**** RAW DATA

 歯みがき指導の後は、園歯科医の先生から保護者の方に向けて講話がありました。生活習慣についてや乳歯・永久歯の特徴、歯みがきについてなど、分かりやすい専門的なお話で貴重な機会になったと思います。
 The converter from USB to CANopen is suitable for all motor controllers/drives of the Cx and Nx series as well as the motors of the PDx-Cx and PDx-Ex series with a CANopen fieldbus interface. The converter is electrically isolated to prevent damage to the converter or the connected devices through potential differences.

********
**** RAW DATA

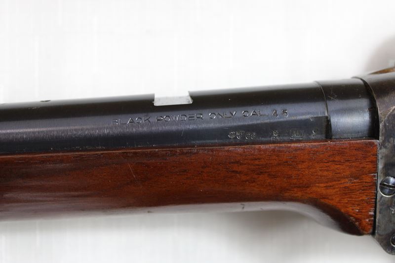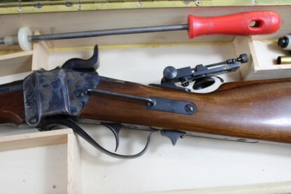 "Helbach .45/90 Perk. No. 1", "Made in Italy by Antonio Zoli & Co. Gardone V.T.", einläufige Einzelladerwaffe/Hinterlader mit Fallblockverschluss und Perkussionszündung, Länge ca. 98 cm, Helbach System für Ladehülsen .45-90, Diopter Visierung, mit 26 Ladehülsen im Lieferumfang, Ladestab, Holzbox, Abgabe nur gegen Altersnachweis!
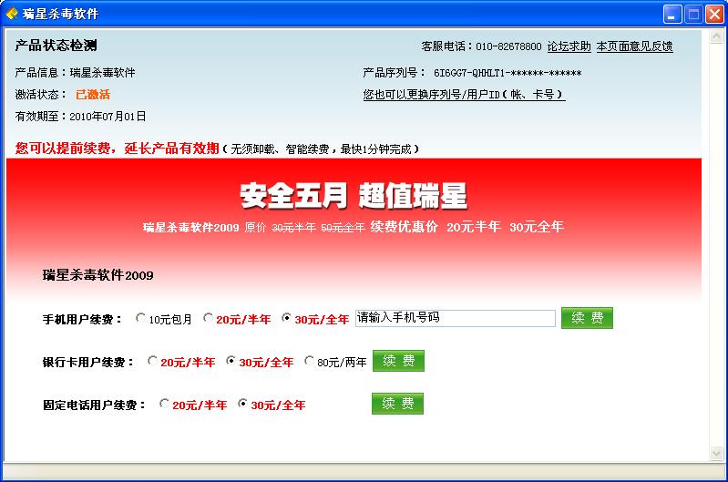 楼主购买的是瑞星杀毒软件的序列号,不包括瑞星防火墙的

********
**** RAW DATA

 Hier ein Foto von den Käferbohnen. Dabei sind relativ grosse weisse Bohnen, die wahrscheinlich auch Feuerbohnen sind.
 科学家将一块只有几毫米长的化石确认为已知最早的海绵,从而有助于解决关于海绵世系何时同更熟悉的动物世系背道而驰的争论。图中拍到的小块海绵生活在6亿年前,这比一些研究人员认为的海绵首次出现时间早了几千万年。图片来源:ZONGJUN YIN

********

AIM OF THE TASK: All lines above from the line with "歯みがき指導の後は、園歯科医" through the line with "The converter from", both included, are to be set down exactly, with nothing else.

RESPONSE TO THIS TASK:
 歯みがき指導の後は、園歯科医の先生から保護者の方に向けて講話がありました。生活習慣についてや乳歯・永久歯の特徴、歯みがきについてなど、分かりやすい専門的なお話で貴重な機会になったと思います。
 The converter from USB to CANopen is suitable for all motor controllers/drives of the Cx and Nx series as well as the motors of the PDx-Cx and PDx-Ex series with a CANopen fieldbus interface. The converter is electrically isolated to prevent damage to the converter or the connected devices through potential differences.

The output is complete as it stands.